# outside gas pipe hanging



## bct p&h (Jan 19, 2013)

I'm doing quite a few whole house generator's lately and I haven't found an option I really like for supporting the gas line to the generator. Any ideas that don't involve screwing into the generator or blocks on the ground that will end up getting pushed around by frost heaves?


----------



## OldSchool (Jan 30, 2010)

bct p&h said:


> I'm doing quite a few whole house generator's lately and I haven't found an option I really like for supporting the gas line to the generator. Any ideas that don't involve screwing into the generator or blocks on the ground that will end up getting pushed around by frost heaves?


How about a down stream kit ... This is under ground piping with risers at meter and generator


----------



## Gettinit (May 9, 2012)

You can drive angle stock into the ground and u bolt to it. Drive unistrut into the ground....


----------



## TX MECH PLUMBER (May 27, 2011)

What's a frost heave. Expansion of the ground ??


----------



## bct p&h (Jan 19, 2013)

OldSchool said:


> How about a down stream kit ... This is under ground piping with risers at meter and generator


The piping is plastic underground with the riser kits at both ends but I'm about 3' away from where I come out of the ground and where the inlet of the generator is. If I could steel pipe it right into the unit I wouldn't be so concerned with the hangers moving on me but generac makes you use that rubber hose to isolate vibrations. Not sure what you mean by a down stream kit.


----------



## bct p&h (Jan 19, 2013)

TX MECH PLUMBER said:


> What's a frost heave. Expansion of the ground ??


Ground freezes and lifts. Damn New England winters!


----------



## OldSchool (Jan 30, 2010)

bct p&h said:


> Ground freezes and lifts. Damn New England winters!


Don't you have to install swing joints at either end for frost ?


----------



## rjbphd (Feb 5, 2010)

TX MECH PLUMBER said:


> What's a frost heave. Expansion of the ground ??


Oh plzzzzzz.... get this guy up to Canada during winter...


----------



## rjbphd (Feb 5, 2010)

OldSchool said:


> Don't you have to install swing joints at either end for frost ?


Correct


----------



## bcp2012 (Oct 27, 2012)

rjbphd said:


> Oh plzzzzzz.... get this guy up to Canada during winter...


Don't think tex mex would survive up here in winter. Lol

Sent from my iPhone


----------



## OldSchool (Jan 30, 2010)

bcp2012 said:


> Don't think tex mex would survive up here in winter.
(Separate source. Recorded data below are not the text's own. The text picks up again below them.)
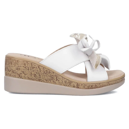 DK7039-25-WHWomen's flip-flops in an elegant white color by Filippo are a great choice for the Spring/Summer 2025 season. Made of high-quality material, they provide comfort and durability, and their unique design adds lightness to any styling. Comfortable, open flip-flops with a round toe perfectly fit the foot, providing comfort all day long. A stable 7 cm wedge makes this model add elegance without sacrificing comfort while walking. The leather insole and interior provide softness and comfort, and the strap at the top keeps the foot in a stable position. Thanks to their universal white color, these flip-flops go perfectly with both summer dresses and everyday stylings. This is the perfect choice for women looking for elegant and comfortable footwear for warm days.
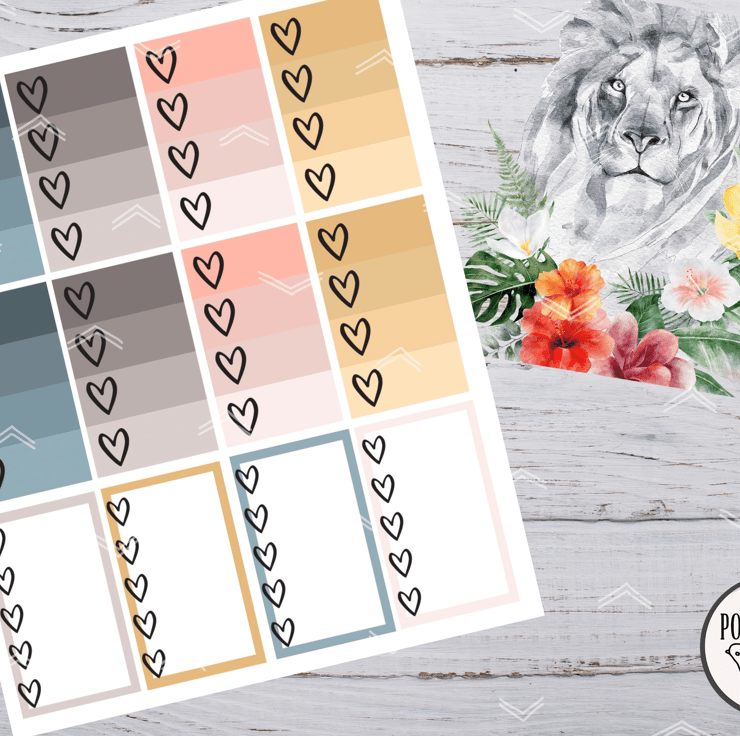 - Decorative shapes including hearts and washi
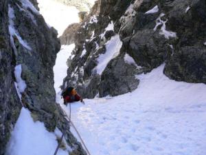 El corredor amb neu bona, i els tres ressalts formats. Els dos primers són molt curts i seguits, i abans del tercer hi ha una balma, a la dreta, amb una reunió preparada. El tercer és el més llarg i el més espectacular, amb una capa de gel.Després del tercer, és ja una rampa que et deixa uns quants metres a la dreta del cim.
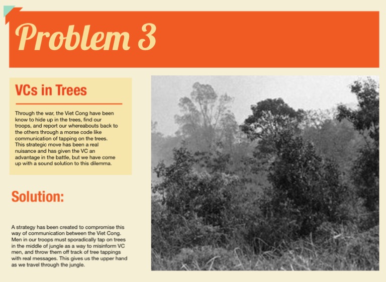 Through the war, the Viet Cong have been know to hide up in the trees, find our troops, and report our whereabouts back to the others through a morse code like communication of tapping on the trees. This strategic move has been a real nuisance and has given the VC an advantage in the battle, but we have come up with a sound solution to this dilemma.

Lol
> 
> Sent from my iPhone


Tex would blow up the neighbor hood..


----------



## bcp2012 (Oct 27, 2012)

OldSchool said:


> Tex would blow up the neighbor hood..


Could always send him to Calgary to play with the steers.

Sent from my iPhone


----------



## OldSchool (Jan 30, 2010)

bcp2012 said:


> Could always send him to Calgary to play with the steers.
> 
> Sent from my iPhone


Or queers


----------



## U666A (Dec 11, 2010)

OldSchool said:


> Or queers


He could stay where he is for that, I don't see no antlers... :laughing:


----------



## bct p&h (Jan 19, 2013)

OldSchool said:


> Don't you have to install swing joints at either end for frost ?



Yes but the rubber hose generac makes you use is supposed to be kept perfectly straight and even with swing joints when the ground lifts it will deflect the hose, not the swing joint






rjbphd said:


> Oh plzzzzzz.... get this guy up to Canada during winter...
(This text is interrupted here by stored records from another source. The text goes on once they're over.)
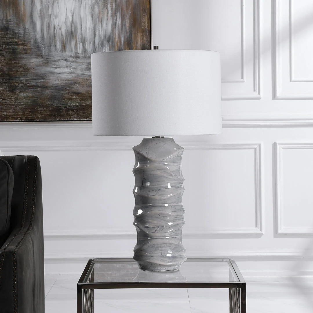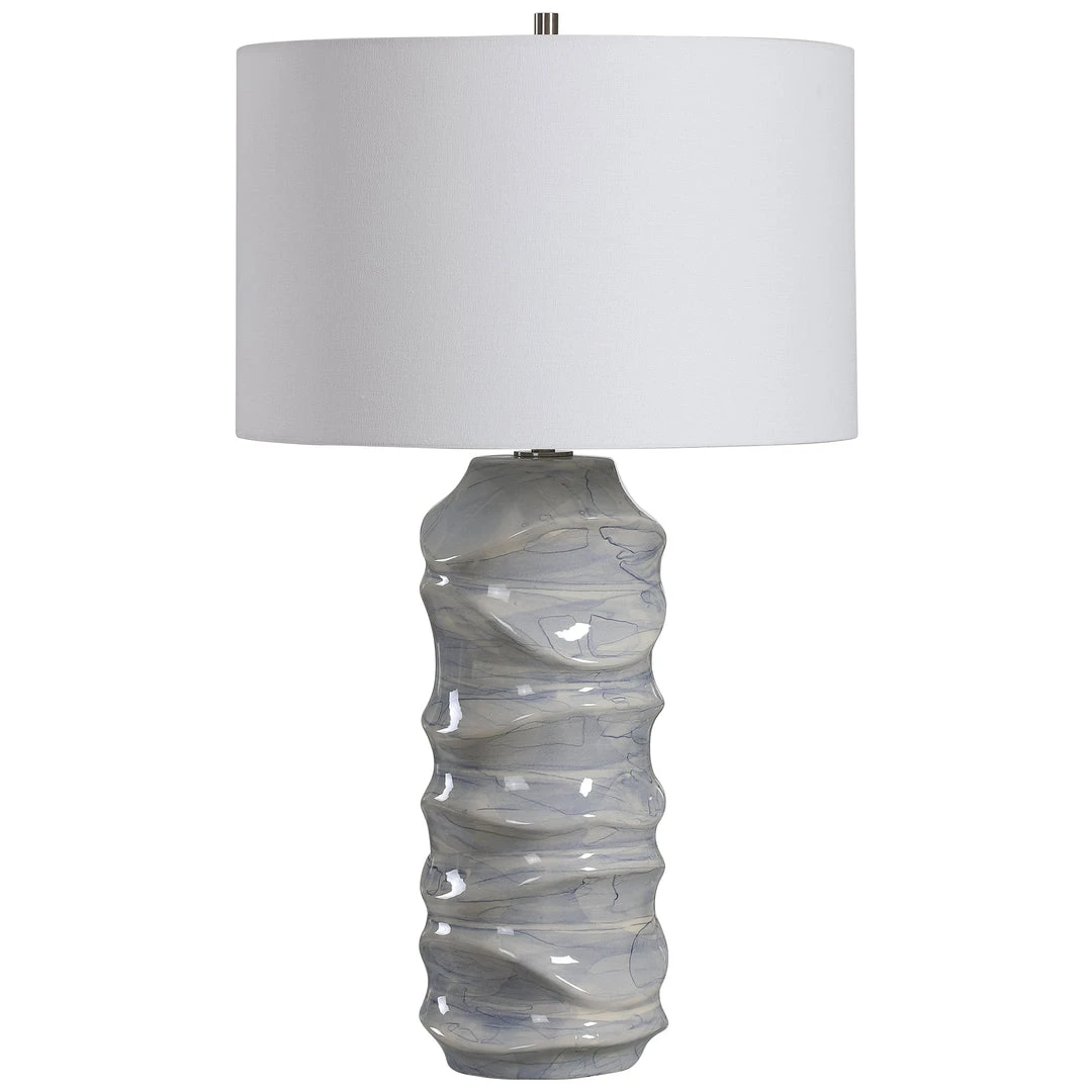 A Contemporary Take On Classic Blue And White Ceramics, This Table Lamp Features A Unique Sculpted Design With A Hand Applied Light Cobalt Blue Drip Glaze. The Lamp Is Paired With A Crisp White Hardback Drum Shade.
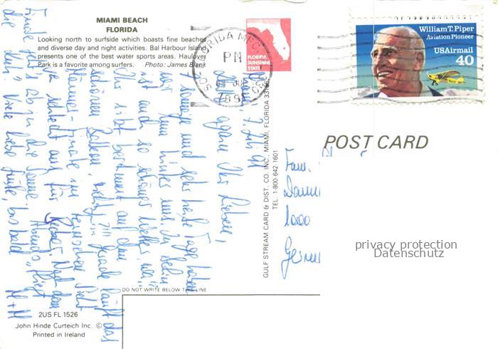74109852 old postcard Miami Beach Florida USA postalisch gelaufen Erhaltung siehe scans [IrynaD87] KatCode: 14140110000000
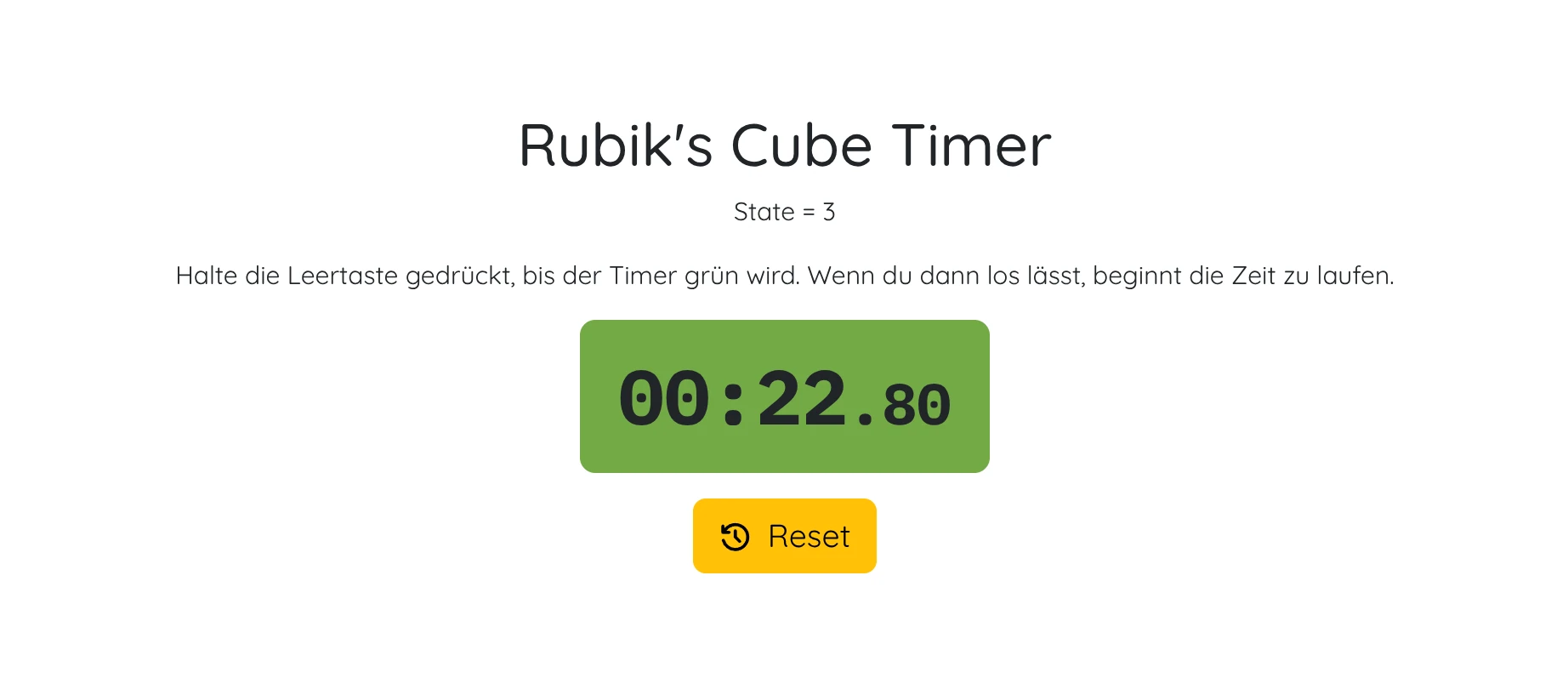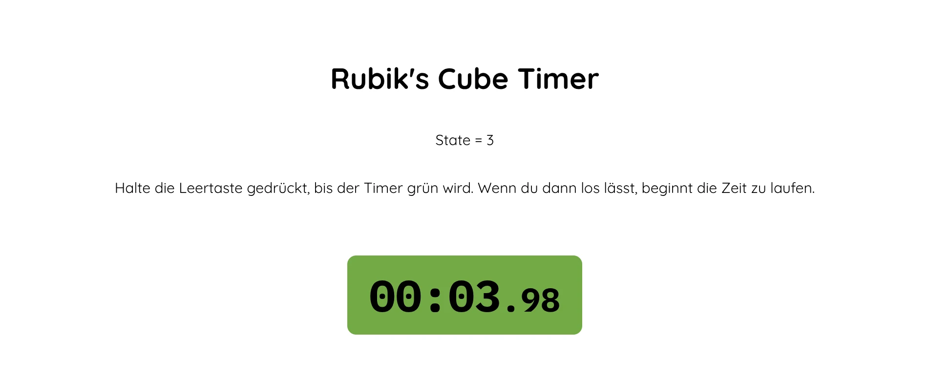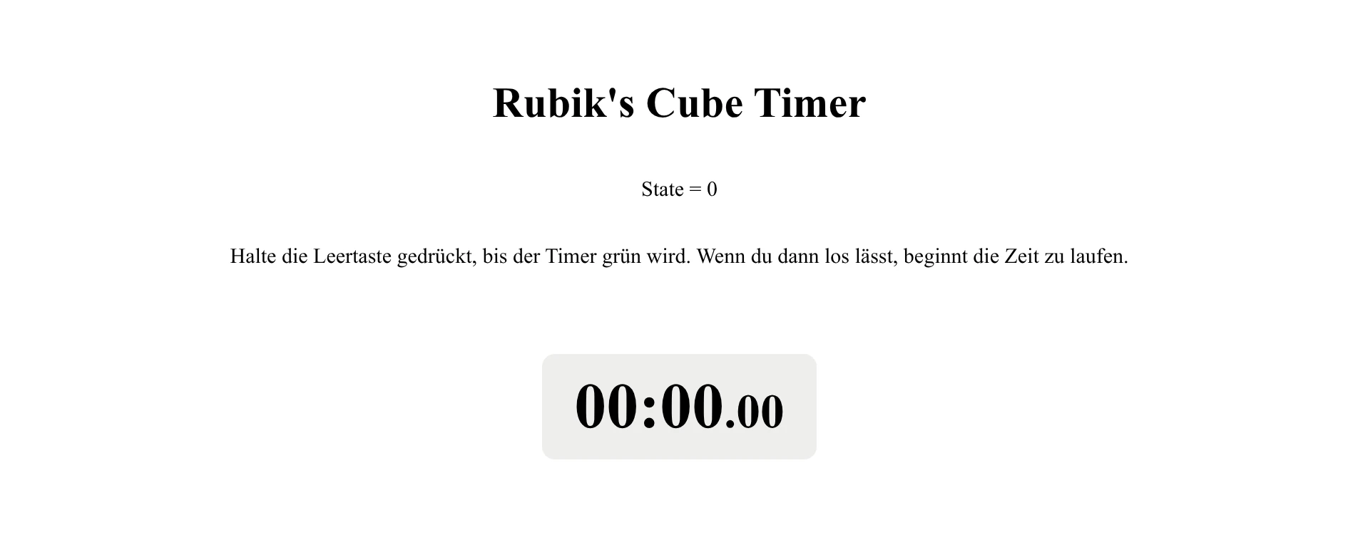 <p> Halte die Leertaste gedrückt, bis der Timer grün wird. Wenn du dann los lässt, beginnt die Zeit zu laufen. </p> <p class="timer">{@html timerString}</p>

It was negative 2f the other day. That's cold enough for me:thumbsup:
If I was in Canada I wouldn't be having this problem because the ground never thaws out enough to refreeze and heave:laughing:


----------



## Plumbus (Aug 4, 2008)

Have you had this conversation with Generac tech support? I know it's a long shot, but they may have a solution to the horizontal rubber hose dilemma.
If you're doing a lot of generators, so must other plumbers in your area. Have you reached out to any of them as to how they are getting from a to b?


----------



## bct p&h (Jan 19, 2013)

Plumbus said:


> Have you had this conversation with Generac tech support? I know it's a long shot, but they may have a solution to the horizontal rubber hose dilemma.
> If you're doing a lot of generators, so must other plumbers in your area. Have you reached out to any of them as to how they are getting from a to b?
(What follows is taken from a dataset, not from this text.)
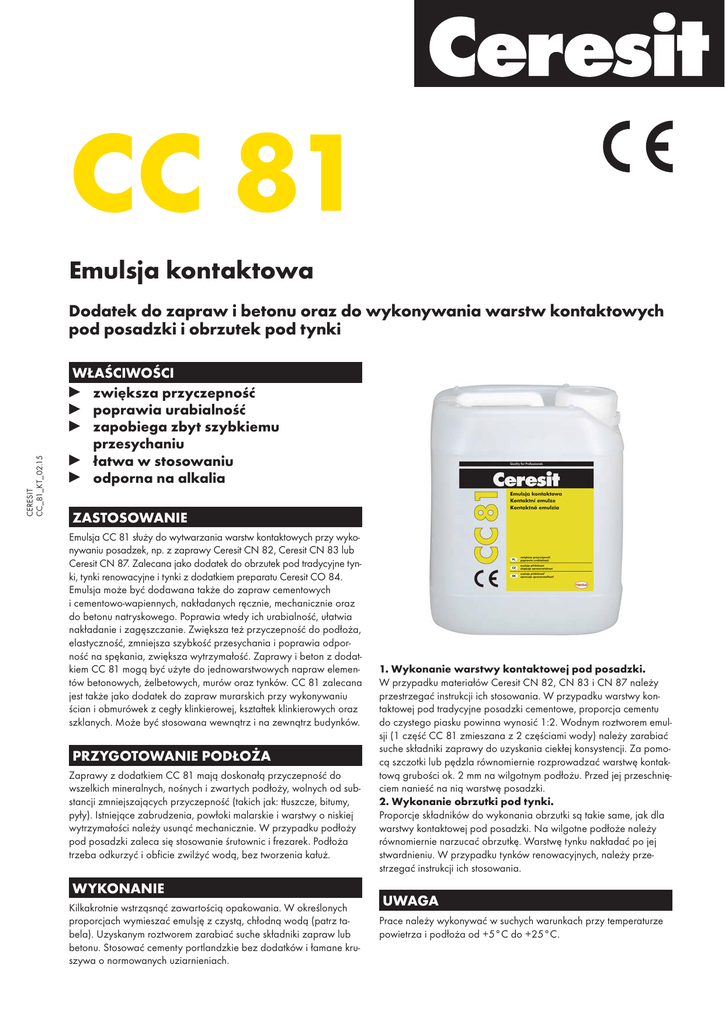 CC 81 Emulsja kontaktowa CERESIT CC_81_KT_02.15 Dodatek do zapraw i betonu oraz do wykonywania warstw kontaktowych pod posadzki i obrzutek pod tynki WŁAŚCIWOŚCI zwiększa przyczepność poprawia urabialność zapobiega zbyt szybkiemu przesychaniu łatwa w stosowaniu odporna na alkalia ZASTOSOWANIE Emulsja CC 81 służy do wytwarzania warstw kontaktowych przy wykonywaniu posadzek, np. z zaprawy Ceresit CN 82, Ceresit CN 83 lub Ceresit CN 87. Zalecana jako dodatek do obrzutek pod tradycyjne tynki, tynki renowacyjne i tynki z dodatkiem preparatu Ceresit CO 84. Emulsja może być dodawana także do zapraw cementowych i cementowo-wapiennych, nakładanych ręcznie, mechanicznie oraz do betonu natryskowego. Poprawia wtedy ich urabialność, ułatwia nakładanie i zagęszczanie. Zwiększa też przyczepność do podłoża, elastyczność, zmniejsza szybkość przesychania i poprawia odporność na spękania, zwiększa wytrzymałość. Zaprawy i beton z dodatkiem CC 81 mogą być użyte do jednowarstwowych napraw elementów betonowych, żelbetowych, murów oraz tynków. CC 81 zalecana jest także jako dodatek do zapraw murarskich przy wykonywaniu ścian i obmurówek z cegły klinkierowej, kształtek klinkierowych oraz szklanych. Może być stosowana wewnątrz i na zewnątrz budynków. PRZYGOTOWANIE PODŁOŻA Zaprawy z dodatkiem CC 81 mają doskonałą przyczepność do wszelkich mineralnych, nośnych i zwartych podłoży, wolnych od substancji zmniejszających przyczepność (takich jak: tłuszcze, bitumy, pyły). Istniejące zabrudzenia, powłoki malarskie i warstwy o niskiej wytrzymałości należy usunąć mechanicznie. W przypadku podłoży pod posadzki zaleca się stosowanie śrutownic i frezarek. Podłoża trzeba odkurzyć i obficie zwilżyć wodą, bez tworzenia kałuż. WYKONANIE Kilkakrotnie wstrząsnąć zawartością opakowania. W określonych proporcjach wymieszać emulsję z czystą, chłodną wodą (patrz tabela). Uzyskanym roztworem zarabiać suche składniki zapraw lub betonu. Stosować cementy portlandzkie bez dodatków i łamane kruszywa o normowanych uziarnieniach. 1. Wykonanie warstwy kontaktowej pod posadzki. W przypadku materiałów Ceresit CN 82, CN 83 i CN 87 należy przestrzegać instrukcji ich stosowania. W przypadku warstwy kontaktowej pod tradycyjne posadzki cementowe, proporcja cementu do czystego piasku powinna wynosić 1:2. Wodnym roztworem emulsji (1 część CC 81 zmieszana z 2 częściami wody) należy zarabiać suche składniki zaprawy do uzyskania ciekłej konsystencji. Za pomocą szczotki lub pędzla równomiernie rozprowadzać warstwę kontaktową grubości ok. 2 mm na wilgotnym podłożu. Przed jej przeschnięciem nanieść na nią warstwę posadzki. 2. Wykonanie obrzutki pod tynki. Proporcje składników do wykonania obrzutki są takie same, jak dla warstwy kontaktowej pod posadzki. Na wilgotne podłoże należy równomiernie narzucać obrzutkę. Warstwę tynku nakładać po jej stwardnieniu. W przypadku tynków renowacyjnych, należy przestrzegać instrukcji ich stosowania. UWAGA Prace należy wykonywać w suchych warunkach przy temperaturze powietrza i podłoża od +5°C do +25°C. ZALECENIA Warstwy wykonane z dodatkiem emulsji CC 81 należy chronić przed zbyt szybkim przesychaniem. SKŁADOWANIE Do 12 miesięcy od daty produkcji, przy składowaniu w chłodnych warunkach i w oryginalnych, nieuszkodzonych opakowaniach. Chronić przed mrozem! OPAKOWANIA Wszelkie porady techniczne można uzyskać pod numerami telefonów: +48 800 120 241 +48 41 3710124. Poza informacjami podanymi w niniejszej karcie technicznej należy przestrzegać zasad sztuki budowlanej, wytycznych branżowych instytutów i stowarzyszeń, przedmiotowych norm krajowych i europejskich, dokumentów aprobacyjnych, przepisów BHP, itp. Wymienione powyżej cechy i właściwości techniczne określone zostały w oparciu o praktyczne doświadczenia oraz przeprowadzone badania. Wszelkie właściwości oraz zastosowania materiałów wykraczające poza zakres podany w niniejszej karcie technicznej wymagają naszego pisemnego potwierdzenia. Wszelkie dane odnoszą się do temperatury podłoża, otoczenia i materiału +23°C oraz wilgotności względnej powietrza 50%, o ile nie podano inaczej. W innych warunkach klimatycznych podane parametry mogą ulec zmianie. Informacje zawarte w niniejszej karcie technicznej, w szczególności zalecenia dotyczące sposobu i warunków aplikacji oraz zakresu zastosowania i użytkowania naszych produktów, zostały opracowane na podstawie naszego doświadczenia zawodowego. Niniejsza karta techniczna określa zakres stosowania materiału i zalecany sposób prowadzenia robót, ale nie może zastąpić zawodowego przygotowania wykonawcy. Producent gwarantuje jakość wyrobu, natomiast nie ma wpływu na warunki i sposób jego użycia. Biorąc pod uwagę, że warunki, w których stosowane są produkty mogą ulegać zmianie, w przypadku wątpliwości zalecane jest przeprowadzenie własnych prób. Nie ponosimy odpowiedzialności z tytułu powyżej wymienionych informacji lub jakiejkolwiek rekomendacji słownej z tym związanej, z wyjątkiem przypadków rażącego niedbalstwa lub winy umyślnej. Niniejsza karta techniczna zastępuje wszystkie poprzednie wersje, mające zastosowanie do tego produktu. Kanister 10 l, 5 l i 2 l. Baza: wodna dyspersja polimerów Gęstość: ok. 1,0 kg/dm3 Proporcje mieszania: patrz tabela Temperatura stosowania: od +5°C do +25°C Czas zużycia: ok. 90 min Umowna zawartość substancji suchej: 43% wg PN-EN 934-3 Wartość pH: 8,6 wg PN-EN 934-3 Maksymalna zawartość chlorków: ≤ 0,1% masy – domieszka bezchlorkowa wg PN-EN 934-3 Maksymalna zawartość alkaliów: ≤ 0,2% masy wg PN-EN 934-3 Oddziaływanie korozyjne: ≤ 10 μA/cm2 wg PN-EN 934-3 Wytrzymałość na ściskanie: ≥ 70% wytrzymałości zaprawy kontrolnej wg PN-EN 934-3 Zawartość powietrza: –po zakończeniu mieszania: –po wydłużonym mieszaniu: –po 1 godz. przetrzymywani

Generac is no help in this department. They say to abide by local codes.
Nobody I've talked with seems to have a solution I like. Some of the ones I've seen are cradles that you would normally use on a roof or 4x4 pressure treated blocks. Both of those would heave. Driving strut or pipe into the ground a few feet would work but I'm afraid of spearing some buried lines.


----------



## Gettinit (May 9, 2012)

bct p&h said:


> Generac is no help in this department. They say to abide by local codes.
> Nobody I've talked with seems to have a solution I like. Some of the ones I've seen are cradles that you would normally use on a roof or 4x4 pressure treated blocks. Both of those would heave. Driving strut or pipe into the ground a few feet would work but I'm afraid of spearing some buried lines.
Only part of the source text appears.